If modeling robotics after humans, the greatest compliment may be due Terasem Movement‘s BINA48, modeled after the co-founder of Terasem’s wife, Bina Rothblatt.  David Hanson created and programmed BINA48, spending more than 100 hours assembling the thoughts, emotions, memories and feelings of its human predecessor to upload into the robot. As this machine spends time with people, its knowledge base grows, it makes decisions based on experience and it can converse, using Bina’s mannerisms when it does.

Robotics researchers have discovered humans can be squeamish interacting with robots intended but failing to convince us of humanlike qualities. Digging deeper into that realm, University of Pisa scientists are working with a robot named FACE. Thanks to studies of the complexity of human expression, this machine can mimic a wide range of emotions – from amazement, indifference, and fear to happiness, sadness and disgust. FACE additionally expresses subtlety falling between these emotions. That subtlety is in part due to a battery of 32 motors replicating key points of movement in human expressions. Among the projections for FACE’s use is teaching autistic children to understand mood through recognition of facial expressions.

Other Robot bits
Thinking out of … errr… in the box, MIT researchers have created M-Blocks—metal cubes powered by flywheels for movement. These cubes feature magnetic properties, enabling them to stick together and form basic structures. The Cubli goes one step further. Developed by ETH Zurich the Cubli robot cube not only moves using flywheels, but it can balance on one corner.

Cubli, just less than six inches per side, is a framework housing three brushless motors powering momentum wheels, one for each axis of motion. The motor controllers and inertial sensors are all linked to a microprocessor, which can maintain balance, or shift momentum to rotate or move, by controlling falls in given directions. The aim right now for such a device is to give robots a greater sense of balance and mobility as they explore other planets.

Just shy of full autonomy is the notion of the human mind directly controlling a robot. Through an electrode-filled swim-cap, a human can now control the robot “Morpheus” through commands given as thoughts. Human controllers at the University of Washington have experienced a success rate of up to 94 percent, all via the scalp interface. The developer’s aim for Morpheus will be able to provide rescue capability as well as companionship to humans.

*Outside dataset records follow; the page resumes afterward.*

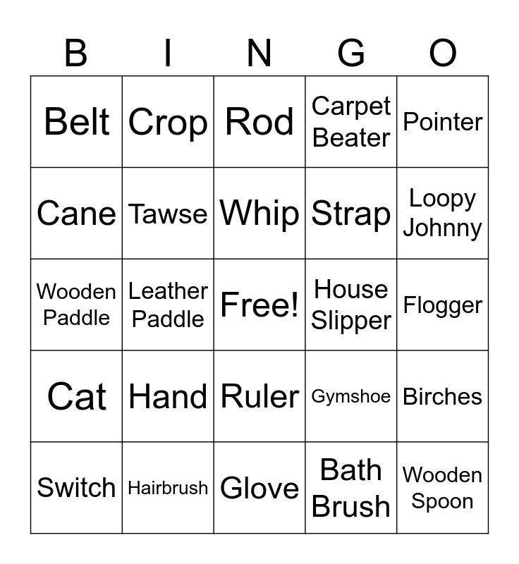 This bingo card has a free space and 24 words: Hand, Hairbrush, Whip, Switch, Pointer, Belt, Cane, Crop, House Slipper, Ruler, Strap, Wooden Paddle, Gymshoe, Birches, Tawse, Bath Brush, Flogger, Rod, Loopy Johnny, Leather Paddle, Wooden Spoon, Cat, Carpet Beater and Glove.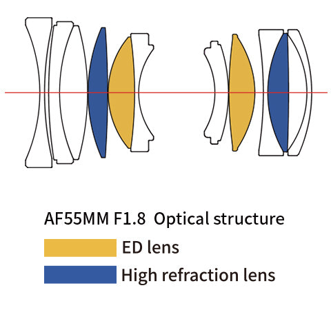 Oboustranná vícevrstvá povrchová úprava objektivu, 2 čočky ED, 2 čočky s vysokou refrakcí, 1 čočka s ultra vysokou refrakcí , účinně kontrolují CA, duchy, odlesky. Nejbližší zaostřovací vzdálenost dosahuje 0,55 m a stejně působivá je i schopnost pořizovat makrosnímky.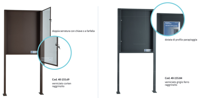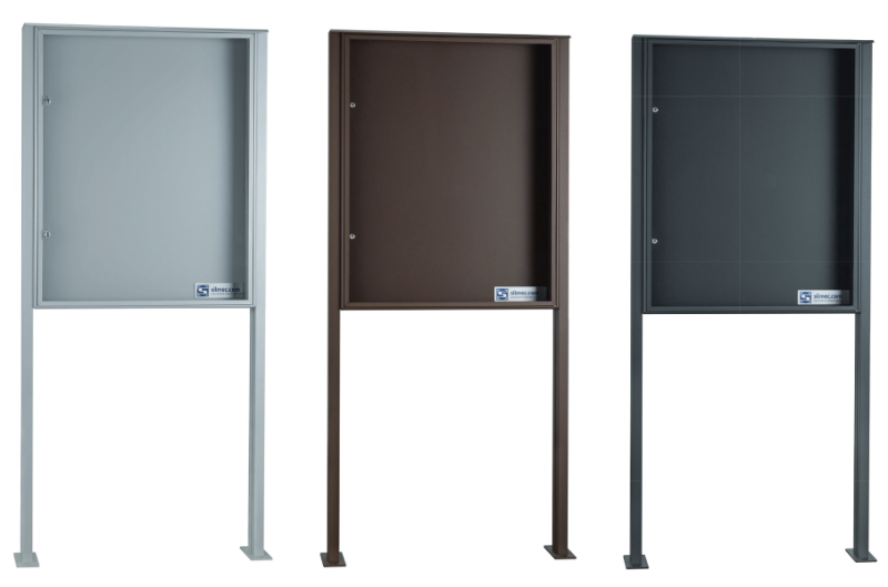 Самонесущая доска для объявлений доступна в трех различных версиях , как для внутренней, так и для внешней установки, и поставляется с четырьмя комплектами серебряных магнитов, всего шестнадцать магнитов. Открывание двойным замком с ключом (для предотвращения открытия без ключа) или двойным замком-бабочкой (может открыть любой).

In summation, engineering is tackling a remarkable number of robotics challenges in terms of mechanical “framing”, artificial intelligence and complex multiple-processor capabilities, and making inroads on dynamic problems like balance, flexible responses and speed. There remains a greater frontier in fundamental components – critical technologies such as batteries, servos, and electric motors that must evolve to make robots strong yet fluid and even more adaptable. And the multidisciplinary approaches of bioengineering are already at work in these areas.

Social Media Gone Wild—Aussie swimmers warned by #Chomp
Australian government researchers have attached acoustic transmitters to 338 sharks off Australia’s west coast. The devices ping off an automatic alert on the Surf Live Saving Western Australia’s Twitter feed when they come in proximity of a beachfront receiver.  So when a tagged shark is in the danger zone, its transmitter broadcasts the shark’s size, species and location.

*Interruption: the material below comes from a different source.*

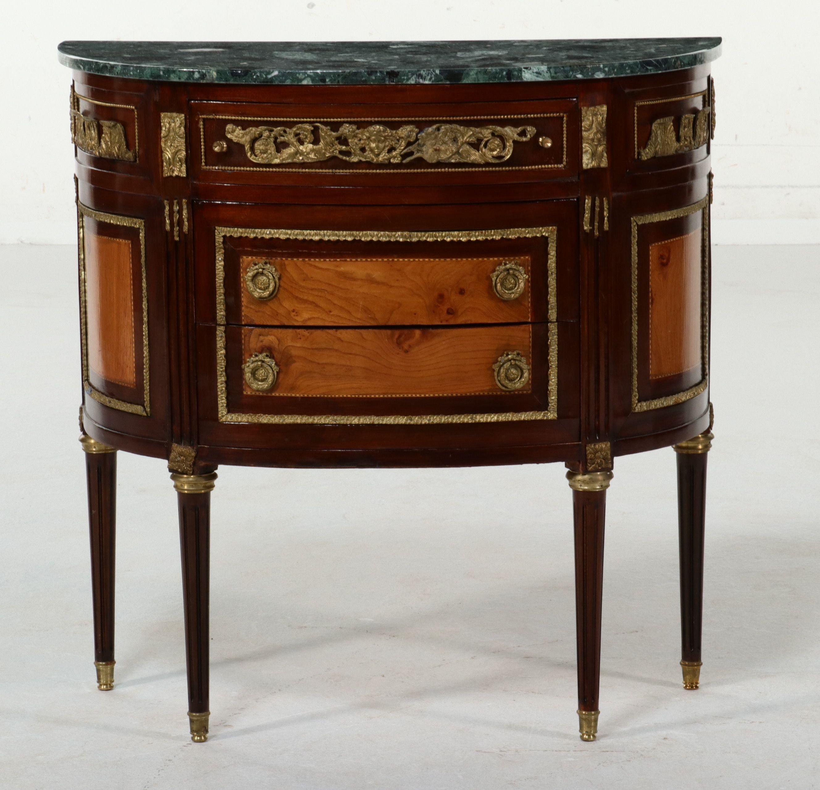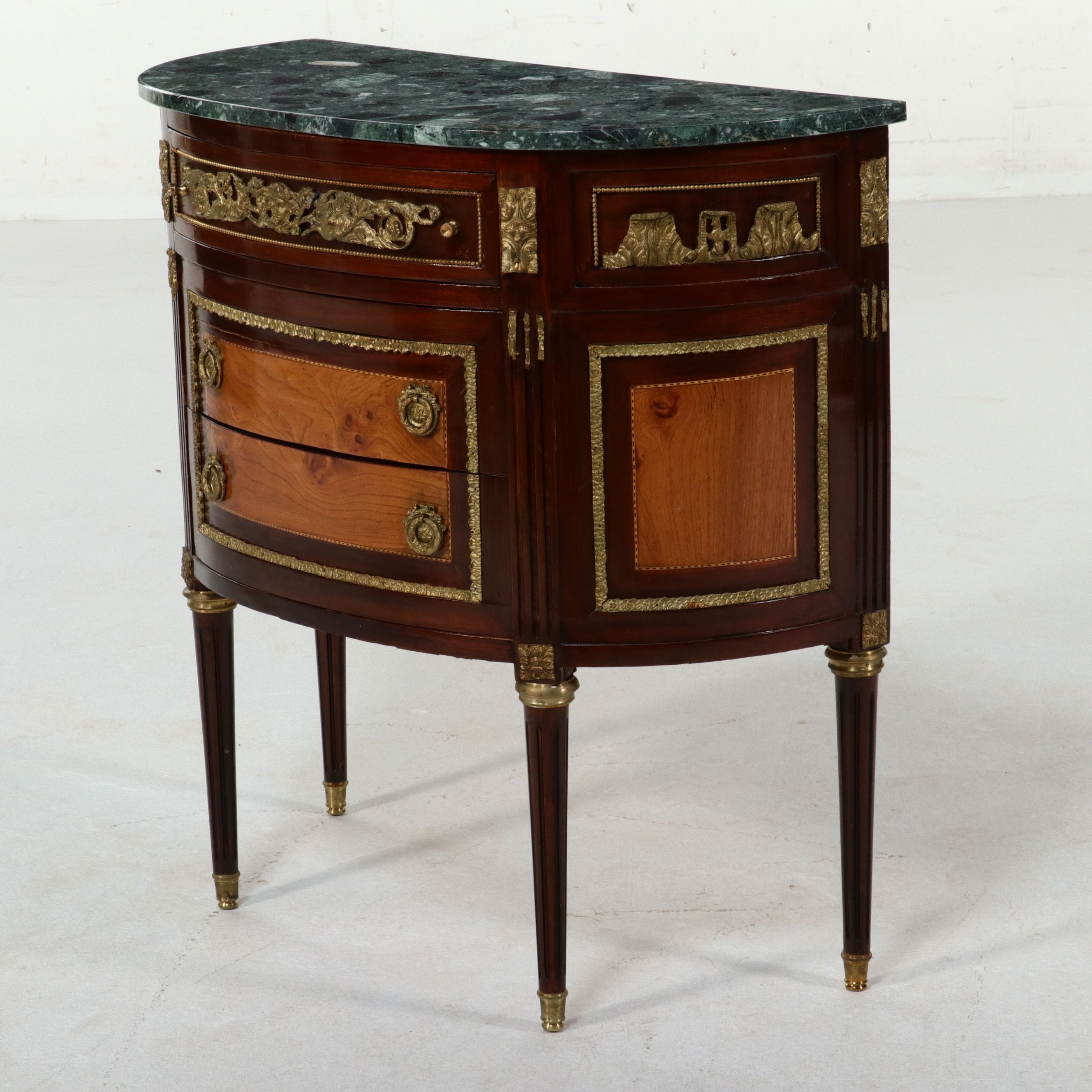Louis XVI Style Gilded Demilune Commode with Green Marble Top | EBTH

Since 2012, shark attacks have claimed six people in Western Australia. This new alert system using Twitter technology is an automated version of one in South Africa that relies on human shark-spotters tweeting their observations.

The technology isn’t foolproof, as not all sharks will be tagged, and an alert doesn’t necessarily mean there will be an attack, as many beaches worldwide have sharks loitering much of the time.

Hopes are this early warning system will save lives—and not just human lives. The researchers also hope that lessening the possibility of attacks on people will dampen desires to hunt such predators in beach regions. Australia has a new shark-killing program aiming to keep beaches safe.